Fast Facts
A former Block machine learning engineer named Kenji helped build the AI tools that ended up making his role redundant. His story reflects a pattern now visible across 30,000+ tech layoffs in 2026 — where workers actively trained the systems that displaced them. This piece breaks down why it’s happening, what the data actually says, and the specific moves every technical worker needs to make right now — regardless of industry or geography.
When the Tools You Built Come for Your Job
The phrase “machine learning engineer AI layoffs” would have sounded almost absurd two years ago. These were the builders — the people who understood the stack, trained the models, and sat closest to the technology. If anyone was protected, surely it was them.
Kenji thought the same. A former machine learning engineer at Block, the fintech company led by Jack Dorsey, he spent the last year of his employment doing exactly what he was instructed to do: integrating AI tools across his workflows, streamlining repetitive tasks, and handing over predictable processes to automated systems. He was efficient. He was compliant. And then he was gone.

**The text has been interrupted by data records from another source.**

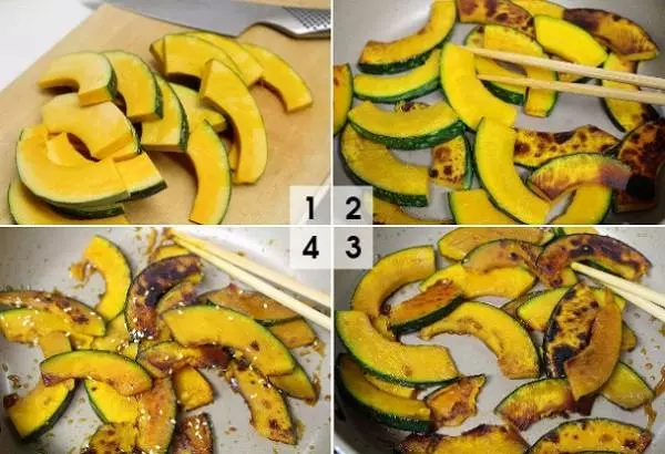 フライパンに油を入れて熱し、かぼちゃを両面よく炒めます。
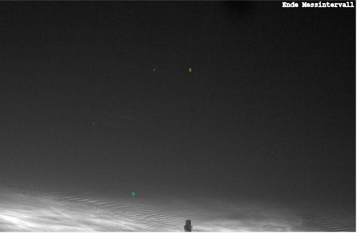 zwischen dem Stern in den unbeleuchteten NLCs und dem oberhalb
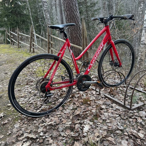 White sc hybridi myyntiin. Renkaina tällä hetkellä kapeat maantie kumit, rullaa kyllä tosi hyvin. Muuten peruspyörä.
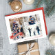 Skicka varm julstämning med detta vintage julkort med klassisk julfrimärkesdesign och glad Santa Claus-illustration. 🎅✨ Med sina enkla röda accenter, söta festliga detaljer och tidlös stil visar detta julkort vackert upp ditt favoritfamiljefoto. Perfekt för att sprida glädje och nostalgi denna julssäsong.
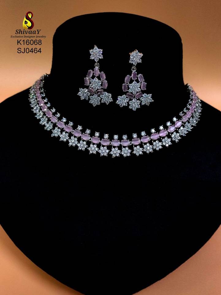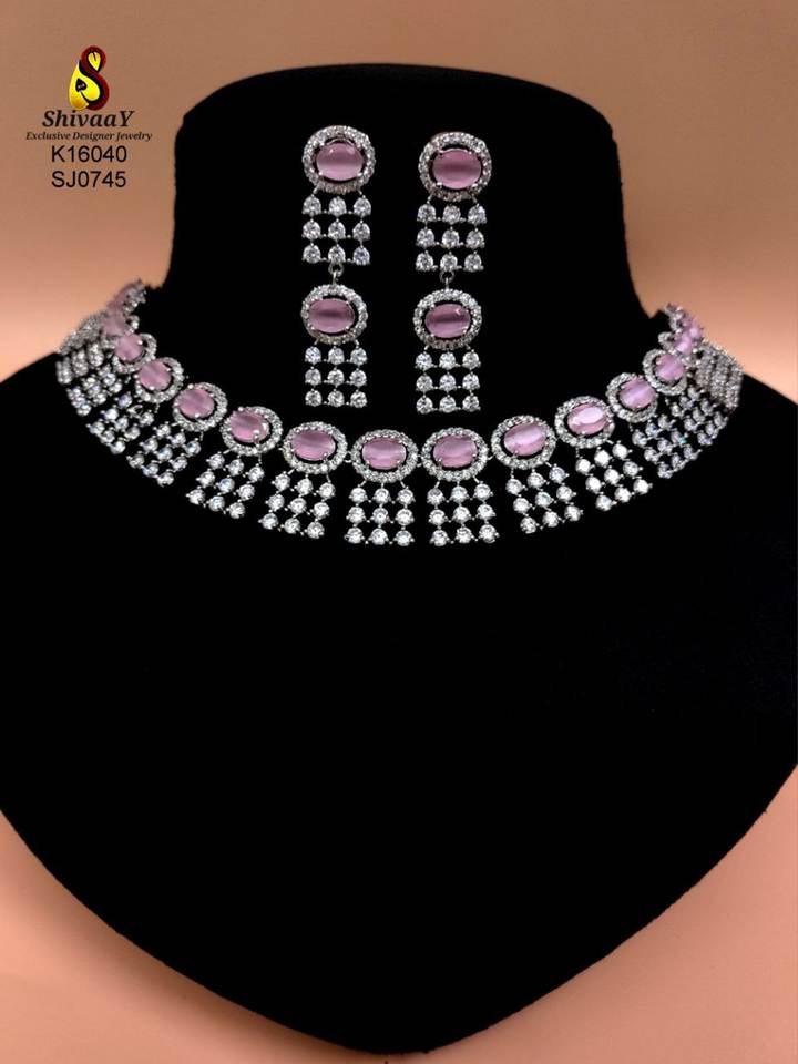 ชุดสร้อยคอและต่างหูทองคำขาวประดับเพชรซิคอนสไตล์บอลลีวูดสุดหรูจากผู้ผลิตอินเดีย เหมาะสำหรับงานแต่งงาน ผู้หญิง สาวๆ และงานปาร์ตี้
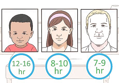 Know how much sleep you need. Different people have varying sleep needs. For example, babies need much more sleep each day than adults. And older adults require even less sleep than younger adults. Knowing how much sleep you need each night will help you calculate when you need to set your bedtime. Newborns typically need 14-17 hours per day. Infants typically need 12-15 hours of sleep per day. Children need 9-11 hours of sleep per day. Teenagers require 8-10 hours of sleep per day. Adults typically need 7-9 hours of sleep per day

According to Futurism’s reporting, Kenji described the experience with a clarity that is hard to dismiss: “At some point you look around and say, ‘Gosh, I’m not doing that much of the work anymore, am I?'”
His story is not an isolated case. It is the sharpest, most human illustration of a structural shift that is quietly reordering technical employment — in tech, finance, logistics, manufacturing, and increasingly everywhere that data-driven workflows exist. The central question this piece addresses is not whether AI is replacing workers. That debate is already behind us. The real question is: why are the most capable technical workers often the first to go — and what does that mean for everyone else?
Truth 1
Why Machine Learning Engineer AI Layoffs Are Happening to the Workers Who Built the Tools
Kenji’s account reveals a mechanism worth understanding carefully. When Block pushed its engineering teams to adopt AI tools, those engineers — being technically fluent — documented their processes, refined prompts, and transferred repeatable tasks to automated systems. That transfer became, in effect, a capability audit.
“Over the last year that we were strongly encouraged to use all these AI tools, we were laying the foundations for our own replacement. If you show the tool how to do a task once or twice, it can kind of take it from there.”— Kenji, former Block ML engineer, via Futurism
Block CEO Jack Dorsey made his reasoning explicit in a shareholder letter, stating that “intelligence tools have changed what it means to build and run a company.” The company cut nearly 4,000 roles — almost half its workforce — in February 2026, according to Programs.com’s company-by-company breakdown of AI layoffs.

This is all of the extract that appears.